"We must climb the bluff again. Be a good Indian!" he cried, groping for a footing.
Climbing the west bluff by daylight for the sake of adventure was very unlike this struggle in the darkness to escape the widening river, with a wind-driven torrent of rain sweeping down the land behind the first storm-fury, and Elinor Wream clung to her companion's arm almost helpless with fear.
"Do you think you can ever get us out? she asked, as the limestone ledge blocked the way.
"Do you know what my mother named me?" The carelessness of the tone was surprising.

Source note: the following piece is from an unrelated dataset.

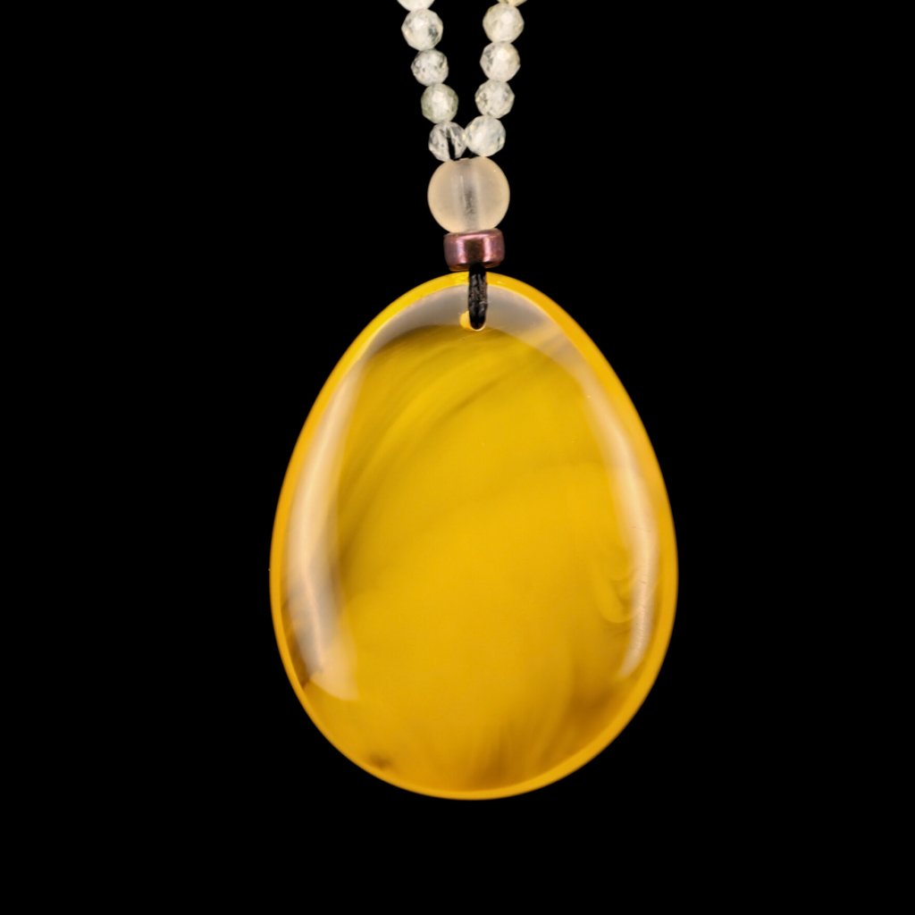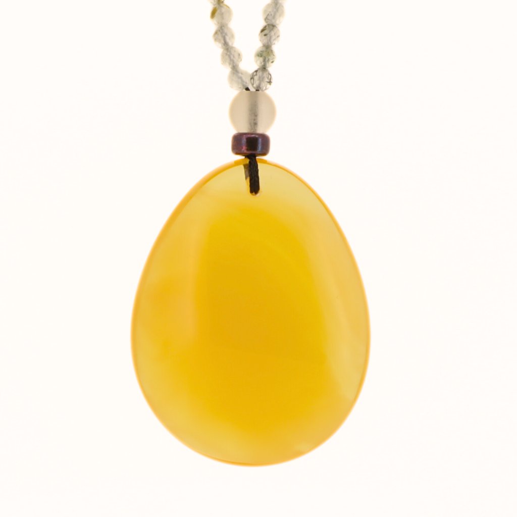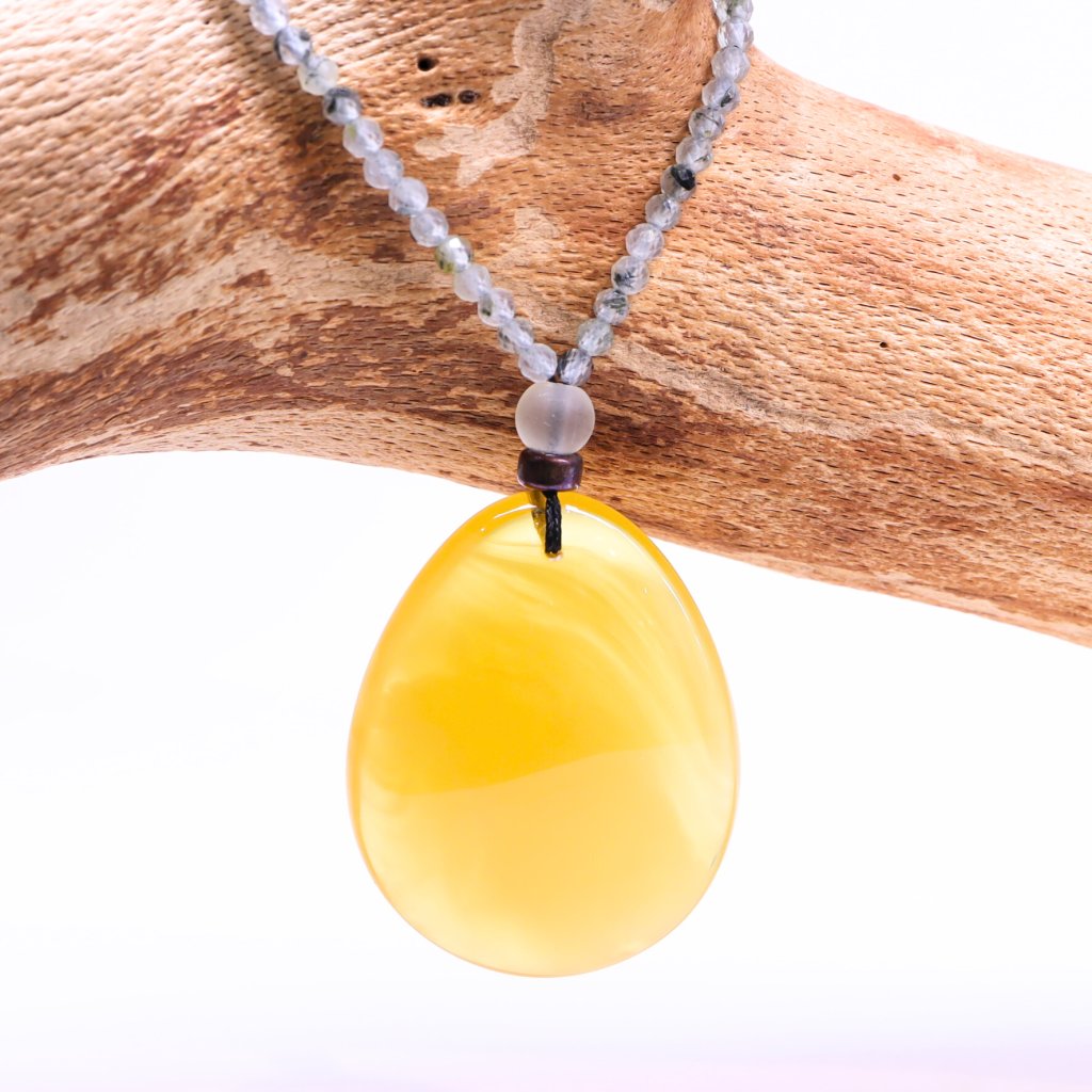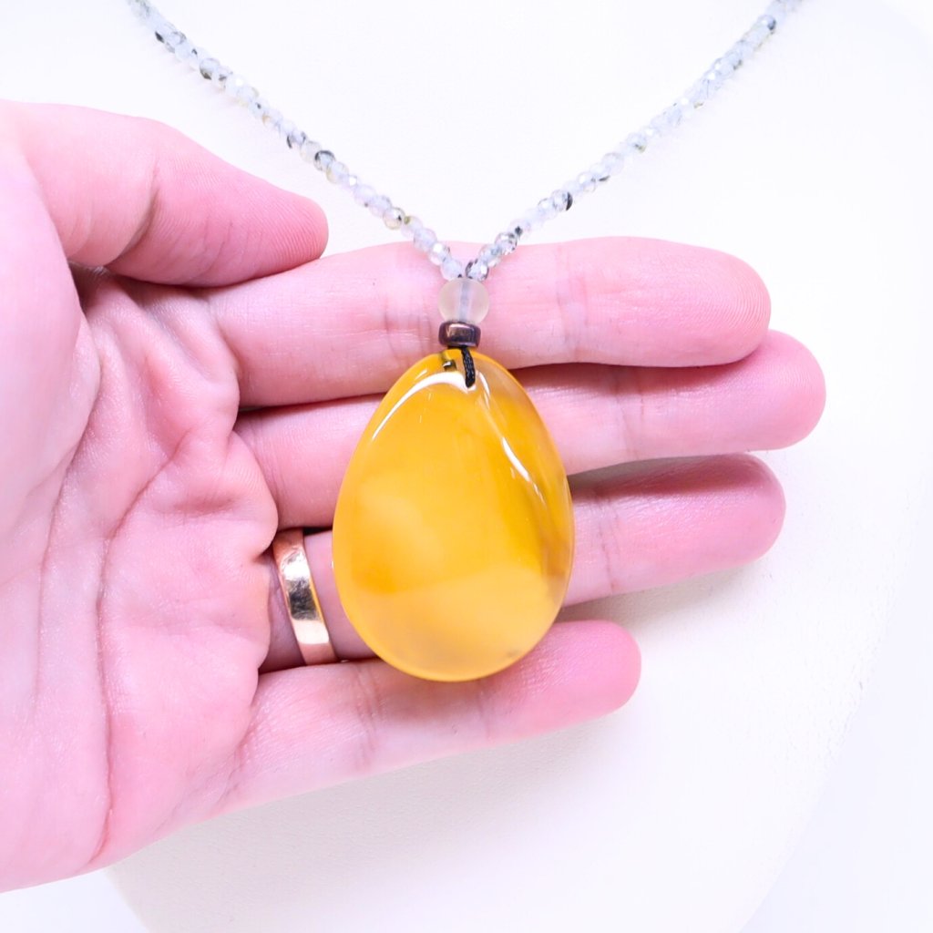 Představte si ten pocit, když nosíte u srdce magický kámen, který v sobě skrývá sílu slunce a nebes. Takový je právě tento přívěsek z baltského jantaru v top kvalitě na náhrdelníku z korálků z prehnitu. Posuvné vázání vám umožní přizpůsobit si délku podle potřeby.

"Then don't forget it," Burleigh said. "It's a dreadfully rough way before us, little girl, but we'll soon be safe from the river. Don't mind this little bit of a storm, and you'll get personally conducted into Lagonda Ledge before midnight."
In her sheltered life, Elinor had never known anything half so dreadful as this storm and darkness and booming flood, but the fearlessness of the strong man beside her inspired her to do her best. It was only two hours since they were here before. How could she know that these two hours had marked the crisis of a lifetime for Victor Burleigh. With a friendly little pressure on his arm, she said bravely:
"I'd rather be here with you than over the river with anybody else. I feel safer here."
Vic knew she meant only to be courteous, but the words were comforting. On the crest of the ledge the fierceness of the storm was revealed. Great sheets of wind-blown rain were flung athwart the landscape, and the utter blackness that followed the lightning's glare, and the roaring of the wind and river were appalling.